If I needed more than 1 I’d reorder them, it’s not a substantial part of the cost of even just the PSU.

Damaged traces would have surprised me, usually what happens is something acts as a fuse, and everything else survives, traces can take a lot of current, so they’re not likely to go first.
Once the mosfet shorted, the diodes were a direct path to ground, but still substantially higher resistance than the traces on the board, so the bulk of the voltage is dropped across the component, they overheat explode, and then theirs no more current to damage anything.

Now with “fixed” Mosfet Wiring.
After tracking down that the other (not exploded) Zenner diode on the board had also failed. It now appears to produce the correct voltage.
So at this point it’s about packaging this and the DC supplies for the heaters into a box.

image1280×1706 120 KB

image1280×1706 122 KB

That’s the rear of the PSU, yes the tube goes in the back!

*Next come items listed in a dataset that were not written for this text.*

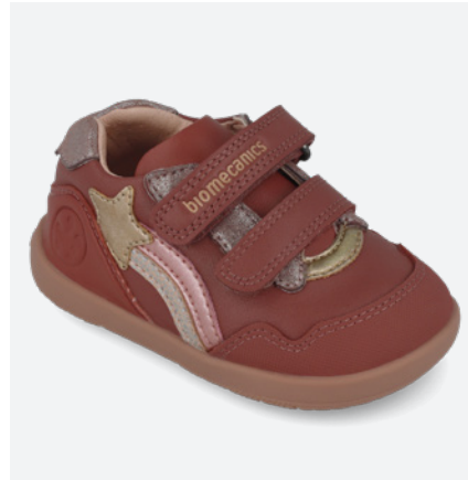
○ 261164 B859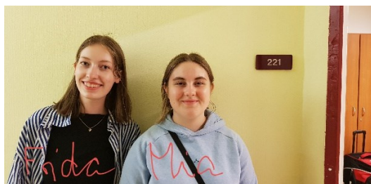
Elevane har fått rom på Internat 1 i Gispersleben.

Laurdag reiste vi til Weimar for å bli kjent med svært varierte kapittel i den tyske historia. Verdsberømte forfattarar som Johan Wolfgang von Goethe og Friedrich Schiller og komponisten Franz Liszt har budd og virka her. Teologen Martin Luther var sentral i byen og filosofar som Johan Gottfried von Herder og Friedrich Nietzsche har sett sitt preg på europeisk historie. Arkitektar med Walter Gropius sin skule for Bauhaus i føringa har vore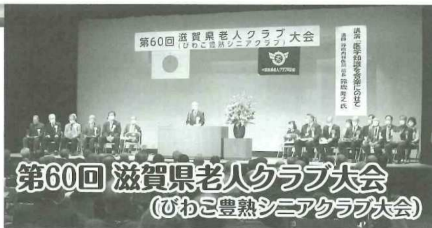
第60回 滋賀県老人クラブ大会 (びわこ豊熟シニアクラブ大会)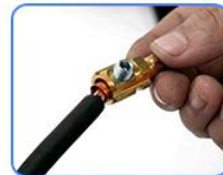
STEP4: 把拧好的铜丝插入接线柱内的铜圈，再用内六角板拧紧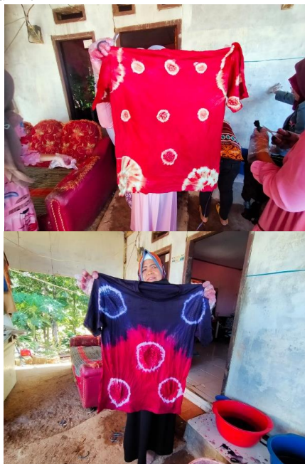
Gambar 3. Produk hanjeli e-dye dengan memanfaatkan buah hanjeli

Pelatihan keterampilan pembuatan kerajinan E Tie Dye Hanjeli merupakan kegiatan pengabdian kepada masyarakat dengan judul “ Hanjeli E-Dye Fabric sebagai Produk Unggulan Industri Fashion Desa Wisata Ciletuh Pelabuhan Ratu Unesco Global Geopark Kabupaten Sukabumi”. Waktu pelaksanaan Action pada tanggal 28 sampai 30 Juni 2022 mulai pukul 08.00 – 16.00 WIB. Sasaran program kader PKK dan masyarakat berjumlah 20 orang, dengan Instruktur 5 (lima) orang dan melibatkan oleh 3 (tiga) orang mahasiswa. Tempat dikegiatan di rumah salah satu kader PKK (ibu Dedeh) Desa Waluran Mandiri Kecamatan Waluran Kabupaten Sukabumi.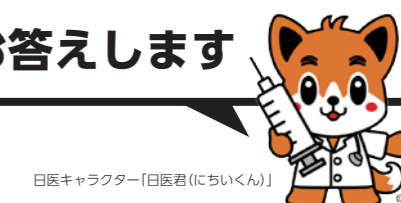
日医キャラクター「日医君(にちいくん)」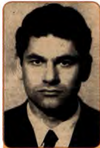
Йосип Тереля – поборник прав української греко-католицької церкви. 1970 рр.

Після 1980 р. арешти тривали. Було заарештовано за звинуваченням в антирадянській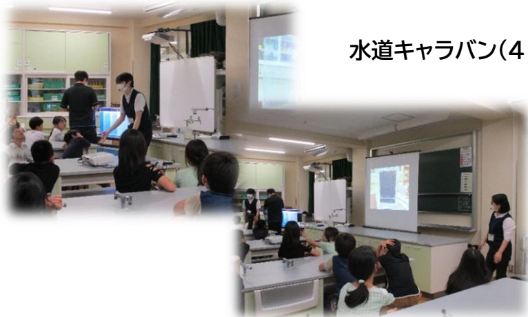
水道キャラバン(4年生)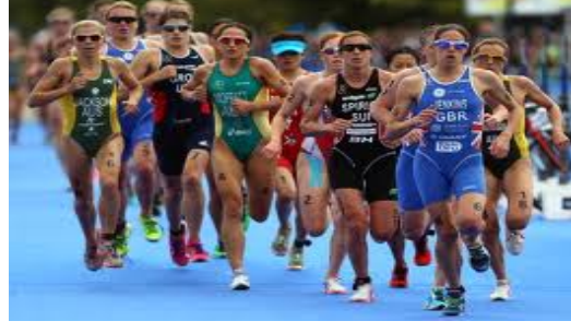
Şekil 2.10. Triatlon koşu etabı.

Koşu etabında yarışın yapılacağı parkur, önceden tespit edilen cadde ve patikalarda olabilmektedir (Şekil 2.10.). Bisiklet etabını tamamlamış olan yarışmacılar, bisikletlerini değişim bölgesindeki yerlerine koymak zorundadırlar. Bu bölgede koşu ayakkabılarını aldıktan sonra koşu parkurunu tamamlamak amacıyla değişim alanını hemen terk ederler. Bu alanda geçen sürenin toplam yarış süresine dâhil olduğunu da belirtmek gerekir. Sporcular, numaralarını da koşu esnasında önden görülebilecek biçimde takmalıdırlar. Triatletlere hiçbir dış destek verilmemekle birlikte resmi serinleme istasyonlarında su ve yiyecek takviyesi yapılabilmektedir.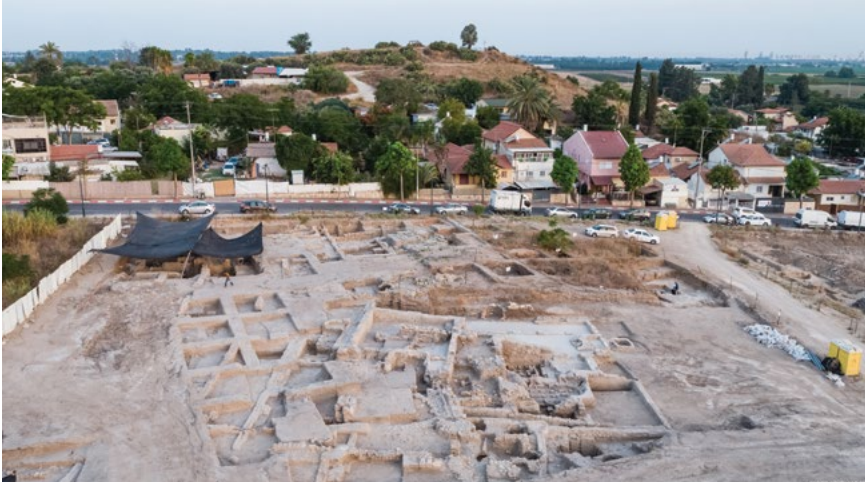
איור 1: מבט כללי לתל קטרה

בגדלים שונים ובתצורות שונות. יחד עם זאת סימון הריבועים בכל שטחי החפירה נעשה ברשת אחידה (איור 2).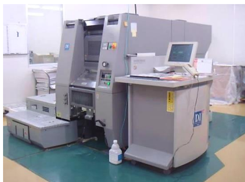
デジタルオフセット4色印刷機(RYOBI製)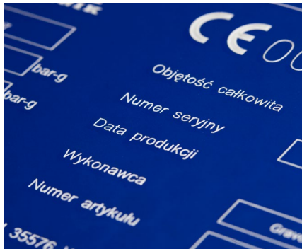
Gravur auf eloxiertem Aluminium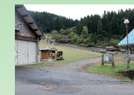
12 三ノ丸コース登山口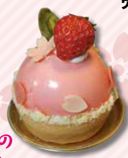
サクラのタルトケーキ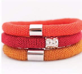
Armband klassisch Bracelet classic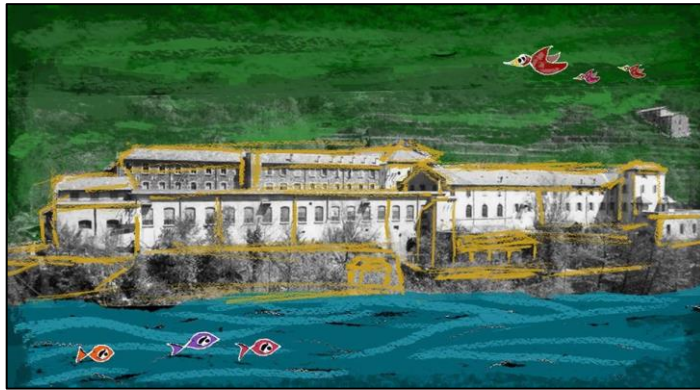
Figure 8. L'image du flyer de présentation du collectif de Chirols

installe, porté par une association, dans des locaux publics situés dans la partie la plus ancienne du site. Il y a quelques années, des privés frappés par le potentiel du lieu se rencontrent et décident de créer un collectif pour racheter et reconverter la partie restée privée. Le Collectif de Chirols (figure 8) se réunit chaque mois depuis trois ans et construit son projet dans une gouvernance horizontale et fondée sur le consentement. Il se compose d'une association collégiale comptant vingt-huit membres actifs et trois-cent-quinze sympathisants, et d'une coopérative SAS. Le projet se compose d'un pôle culturel, d'un espace de coworking , d'une cantine, d'hébergements, d'un centre de formation, d'habitats et d'entreprises. L'achat s'est concrétisé pendant l'hiver 2018-2019 et les premiers chantiers participatifs commencent. Le Collectif porte également des projets artistiques en lien avec l'histoire du lieu et la mémoire.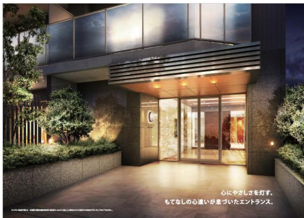
※「プロスタイル南町田」完成予想CG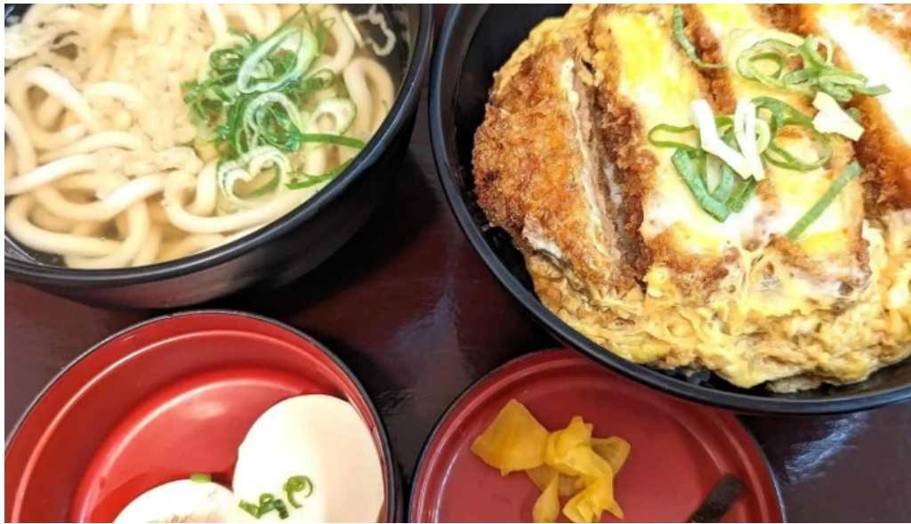
うちだ屋 人吉店 ウェブサイト

I actually did most of the work the past weekend, drilling the 200 or so holes wasn’t what I would term fun.
I walked away in disgust when I powered it up and it had a very obvious hum, took me a couple of days to track it down.

My first thought was it had to be the 400V PSU since I’d never used the tube rectified version to power the amp. In the end that was fine.
After prodding with a scope I determined the the DC from the 2 2.5V heaters had a small 60Hz signal sitting on it, this made no sense to me, those I’d tested with the amp, and the fact it was on both I really couldn’t understand.
The cause of the issue believe it or not was the 6ft power cable, when I’d connected the power supply to the amp, I had to adjust the trim pots on the two DC supplies to bring the voltage upto 2.5V, in doing so I’d actually exceeded the maximum voltage the rectifier could deliver from the power transformer.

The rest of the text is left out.